Georgia car accidents caused by reckless drivers can be worth more than other injury claims. Find out more in this guide written by our accident and injury legal team.
- In Georgia, any person who drives in reckless disregard for the safety of persons or property may be considered a reckless driver under O.C.G.A. 40-6-390.
- Reckless driving is considered more serious than simple negligence, meaning you may be entitled to recover punitive damages in your Georgia personal injury car accident case.
- Your injury claim may be worth more if the negligent driver acted dangerously or recklessly before or when he or she crashed into you.
In the State of Georgia an at-fault driver who hits and injures you while driving recklessly or dangerously may owe far more in damages than another driver who simply made a negligent mistake.
Most car accident injuries happen when an at-fault driver makes an error such as running a traffic light or stop sign or causing a rear-end collision.
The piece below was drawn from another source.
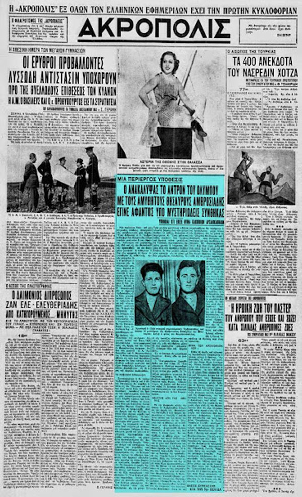 Η αλλόκοτη αυτή ιστορία ξεκίνησε στα τέλη του 1936, όταν αλλεπάλληλα τηλεγραφήματα προς τις Αρχές και τον Τύπο ανέφεραν ότι δύο νέοι χωρικοί, ο Α. Αμβροσιάδης και ο Ν. Φουρτουνόπουλος ή Φωτεινόπουλος, παρουσιάστηκαν στους αρμόδιους της Θεσσαλονίκης και τους εξομολογήθηκαν πως ήταν κάτοχοι ενός αληθινά μυθικού μυστικού, που ελλόχευε στο ‘Όρος των Θεών, στον Όλυμπο.

However, violating traffic laws or even causing a crash does not automatically mean that a person is guilty of reckless driving.
Why are Georgia Reckless Driving Car Accidents Worth More Money?
Under Georgia law, “[a]ny person who drives any vehicle in reckless disregard for the safety of persons or property commits the offense of reckless driving.” O.C.G.A. § 40-6-390. For example a driver may be considered reckless if they are drunk or DUI, are racing or weaving in and out of traffic, aggressively tailgating, passing on the shoulder of the road or driving at a very high speed.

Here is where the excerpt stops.